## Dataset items
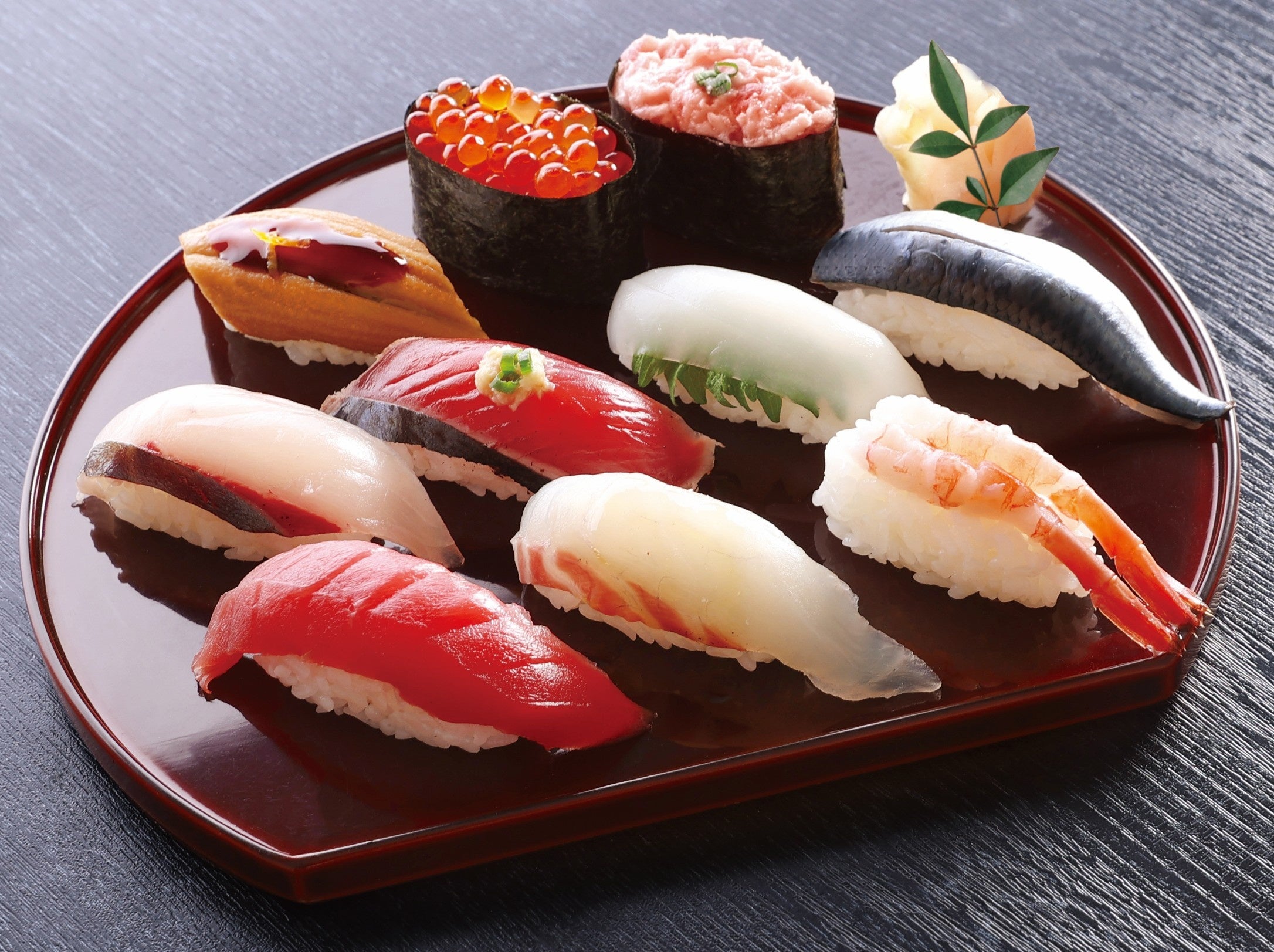 春の旬ネタ5貫<しまあじ・真鯛・鰹のたたき・真いか~しそ添え~・いわし>、まぐろ赤身・甘海老・いくら・ねぎとろ・柚子ふり穴子
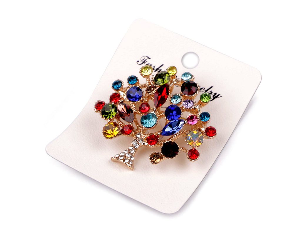 Elegantní kovová brož strom života je velice výrazná, upoutá na první pohled třpytivými broušenými kamínky. Doladí vaše šaty, sako, kostýmek, halenku, klobouk i tašku. Můžete ji využít jako spínací sponu na šálu nebo šátek.
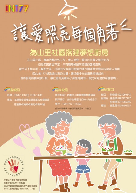 IN177計畫募集新臺幣130萬元幫助山里社區擁有一個安全舒適的共餐環境,
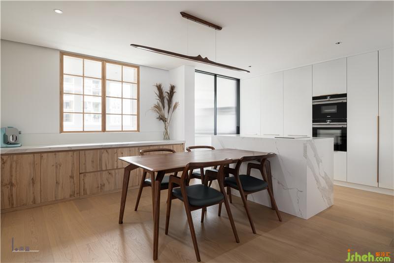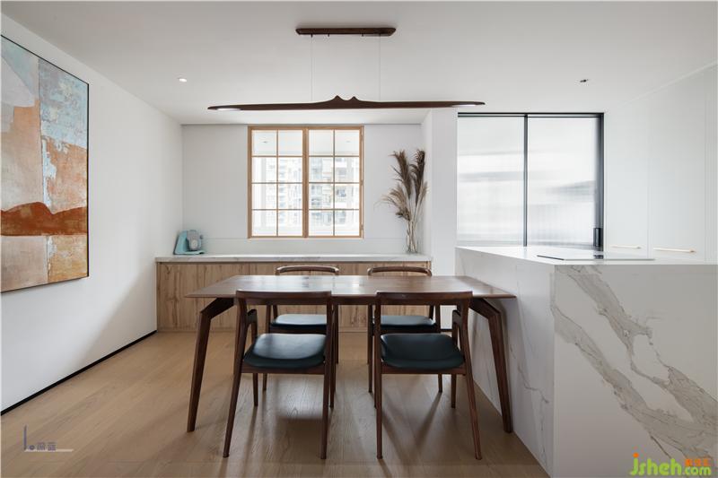 餐廳和西廚融為一體,魚肚白巖板做導(dǎo)臺,和木色餐桌結(jié)合搭配山水主題的餐廳主燈。讓就餐氛圍多了一些自然的溫度。
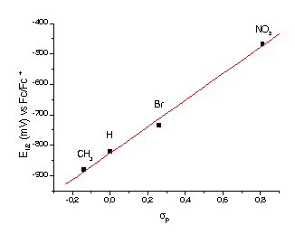 Os voltamogramas cíclicos dos complexos foram medidos em um potenciostato/galvanostato PAR 273, em acetonitrila contendo 0,1 mol.L-1 de TBAPF6, utilizando um sistema de 3 eletrodos sendo trabalho: Pt, auxiliar: Pt e referência: Ag/AgCl. Ferroceno foi utilizado com padrão interno. Em todos os compostos observou-se a presença de uma onda reversível atribuída ao processo de transferência de um elétron: FeIII + 1 e- ® FeII. Os valores de E1/2 sofrem um deslocamento anódico na medida em que diminui o efeito doador e aumenta o efeito retirador de elétrons dos grupos substituintes. Pode-se observar na figura 1 uma correlação linear entre o parâmetro de Hammet sp e o E1/2, o que demonstra um efeito direto dos substituintes sobre a densidade eletrônica no centro metálico.

## Task to complete
Pictures excluded, return exactly the lines from the one with "餐廳和西廚融為一體,魚肚白巖" through the final line of the entries above, both included.

## Result below
 餐廳和西廚融為一體,魚肚白巖板做導(dǎo)臺,和木色餐桌結(jié)合搭配山水主題的餐廳主燈。讓就餐氛圍多了一些自然的溫度。
 Os voltamogramas cíclicos dos complexos foram medidos em um potenciostato/galvanostato PAR 273, em acetonitrila contendo 0,1 mol.L-1 de TBAPF6, utilizando um sistema de 3 eletrodos sendo trabalho: Pt, auxiliar: Pt e referência: Ag/AgCl. Ferroceno foi utilizado com padrão interno. Em todos os compostos observou-se a presença de uma onda reversível atribuída ao processo de transferência de um elétron: FeIII + 1 e- ® FeII. Os valores de E1/2 sofrem um deslocamento anódico na medida em que diminui o efeito doador e aumenta o efeito retirador de elétrons dos grupos substituintes. Pode-se observar na figura 1 uma correlação linear entre o parâmetro de Hammet sp e o E1/2, o que demonstra um efeito direto dos substituintes sobre a densidade eletrônica no centro metálico.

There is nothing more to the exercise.